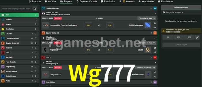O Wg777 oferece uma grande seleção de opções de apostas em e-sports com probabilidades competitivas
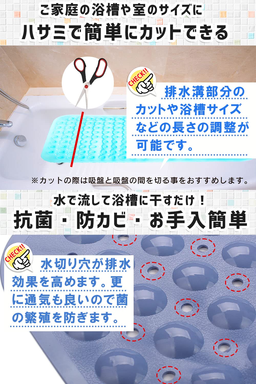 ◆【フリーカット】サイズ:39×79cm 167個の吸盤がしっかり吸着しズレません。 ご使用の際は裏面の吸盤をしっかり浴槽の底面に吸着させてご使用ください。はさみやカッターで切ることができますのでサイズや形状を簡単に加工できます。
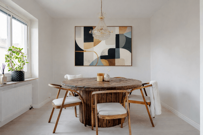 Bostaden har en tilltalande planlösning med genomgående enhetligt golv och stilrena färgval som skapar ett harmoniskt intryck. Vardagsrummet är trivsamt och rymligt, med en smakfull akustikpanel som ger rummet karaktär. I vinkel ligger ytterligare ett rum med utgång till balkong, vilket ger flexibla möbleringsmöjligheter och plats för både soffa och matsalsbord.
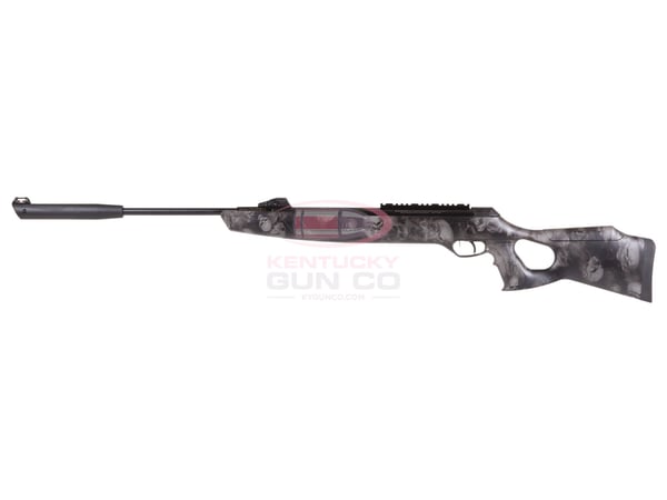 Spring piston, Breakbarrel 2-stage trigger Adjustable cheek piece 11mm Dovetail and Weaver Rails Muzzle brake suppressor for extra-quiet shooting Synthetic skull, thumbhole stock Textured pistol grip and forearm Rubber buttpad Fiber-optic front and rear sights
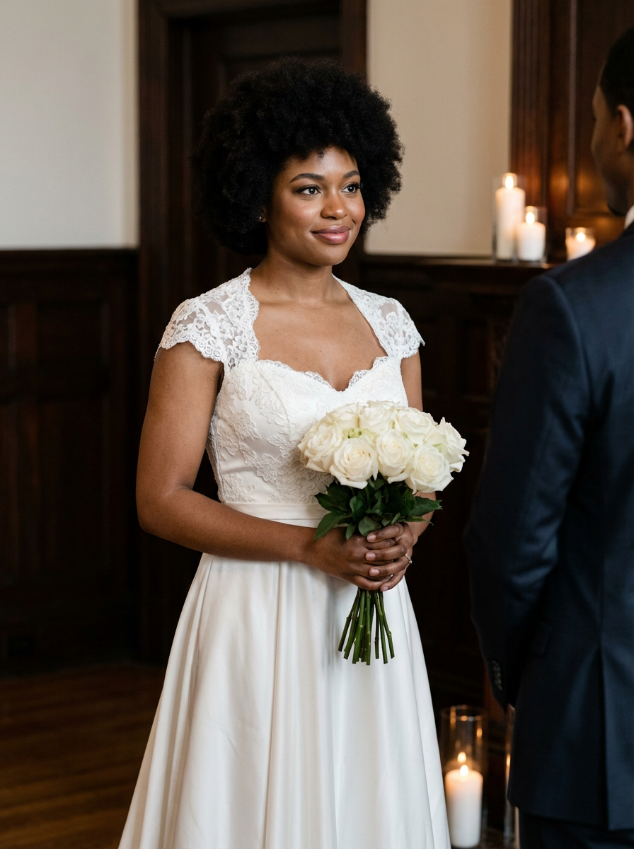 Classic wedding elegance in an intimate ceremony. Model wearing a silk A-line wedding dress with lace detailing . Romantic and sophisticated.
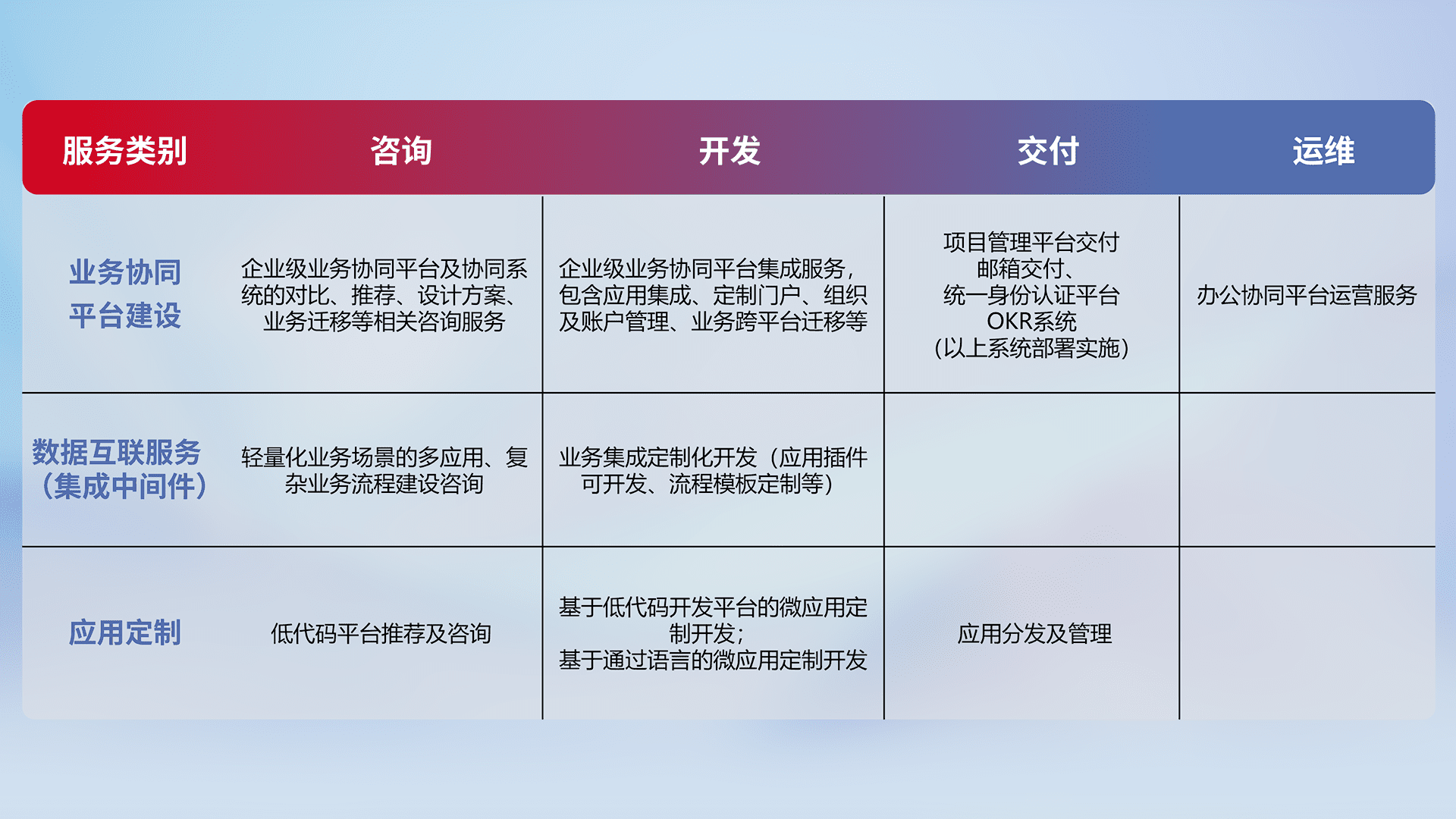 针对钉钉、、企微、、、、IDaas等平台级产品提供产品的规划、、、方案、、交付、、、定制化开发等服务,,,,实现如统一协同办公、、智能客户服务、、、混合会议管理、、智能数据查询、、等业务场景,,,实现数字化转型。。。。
----------------------------------------
**WHAT TO PRODUCE**
Write out exactly, and nothing more than, the lines of the entries above from the line containing "Classic wedding elegance" through the final line; omit any pictures.

**YOUR SOLUTION**
 Classic wedding elegance in an intimate ceremony. Model wearing a silk A-line wedding dress with lace detailing . Romantic and sophisticated.
 针对钉钉、、企微、、、、IDaas等平台级产品提供产品的规划、、、方案、、交付、、、定制化开发等服务,,,,实现如统一协同办公、、智能客户服务、、、混合会议管理、、智能数据查询、、等业务场景,,,实现数字化转型。。。。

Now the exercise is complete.